Da sempre le MX5 sono un soggetto ideale per decorazioni aggressive di stampo racing come le strisce longitudinali che qualcuno chiama "tipo Viper"probabilmente senza sapere che le strisce sono una decorazione storica delle auto da corsa, specie USA, fin dagli anni '50.

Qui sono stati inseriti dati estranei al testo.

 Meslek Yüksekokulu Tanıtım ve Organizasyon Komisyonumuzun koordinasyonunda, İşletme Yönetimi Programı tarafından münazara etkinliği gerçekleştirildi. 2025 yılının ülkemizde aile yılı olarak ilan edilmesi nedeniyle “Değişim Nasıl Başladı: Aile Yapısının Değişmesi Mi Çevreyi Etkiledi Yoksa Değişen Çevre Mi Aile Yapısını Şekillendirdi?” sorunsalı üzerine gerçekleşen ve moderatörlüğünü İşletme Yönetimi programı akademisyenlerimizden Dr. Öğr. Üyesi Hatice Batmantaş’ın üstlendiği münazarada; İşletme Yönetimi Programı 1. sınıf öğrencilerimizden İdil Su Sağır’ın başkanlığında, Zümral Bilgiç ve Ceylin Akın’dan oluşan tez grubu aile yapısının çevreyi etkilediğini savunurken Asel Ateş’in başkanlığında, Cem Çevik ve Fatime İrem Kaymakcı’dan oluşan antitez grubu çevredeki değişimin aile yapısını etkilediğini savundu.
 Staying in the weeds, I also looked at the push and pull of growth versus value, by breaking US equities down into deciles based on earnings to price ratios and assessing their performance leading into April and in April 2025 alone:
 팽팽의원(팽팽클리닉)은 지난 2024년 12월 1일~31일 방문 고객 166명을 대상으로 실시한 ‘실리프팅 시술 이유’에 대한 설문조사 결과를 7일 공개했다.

Ad esempio erano una caratteristica della mitica muscle car Shelby Cobra 427, ma si sono viste anche sulle versioni racing di moltissime sportive americane come Pontiac GTO, Oldsmobile 4-4-2, Camaro Z-28, Buick GSX, Mustang GT350...

Anche molte auto da corsa europee sfoggiavano stripes di varia forma, tra cui Jaguar e Ferrari. La Viper ha riportato in auge le stripes presso il grande pubblico ma soprattutto in USA dove circolano "striped Miatas" sin dai primi anni '90.

Anche la stessa Mazda ha presentato prototipi ed auto da esposizione decorate con le Stripes, inoltre le MX5 dei vari Campionati monomarca nazionali portano spessissimo tale decorazione, tanto da indurre l'importatore svizzero della Mazda a commercializzare una serie speciale numerata ispirata alle gare dotata di serie di stripes bianche.

Si tratta della MX5 GTR, su base M2. La GTR numero 2 di proprietà dell'amico Michael Fleischmann presidente del Club Ticino, ed è ammirando la sua auto che mi venuto l'amore per le Stripes.

La mx5 gtr

VERNICE O VINILE?


Se volete dare questo tocco di sfacciata aria racing alla vostra Miata avete due strade: la verniciatura o l'applicazione di strisce adesive in vinile. La prima opzione darà un risultato perfetto, nessuna imperfezione o scalino tra carrozzeria e decorazione, ma è ovviamente irreversibile (oltre che molto più costosa). Ma dato che si possono ottenere risultati di rilievo anche con il vinile io consiglio decisamente questa opzione (a meno che non abbiate bisogno di riverniciare comunque la vostra auto, magari una M1 anzianotta)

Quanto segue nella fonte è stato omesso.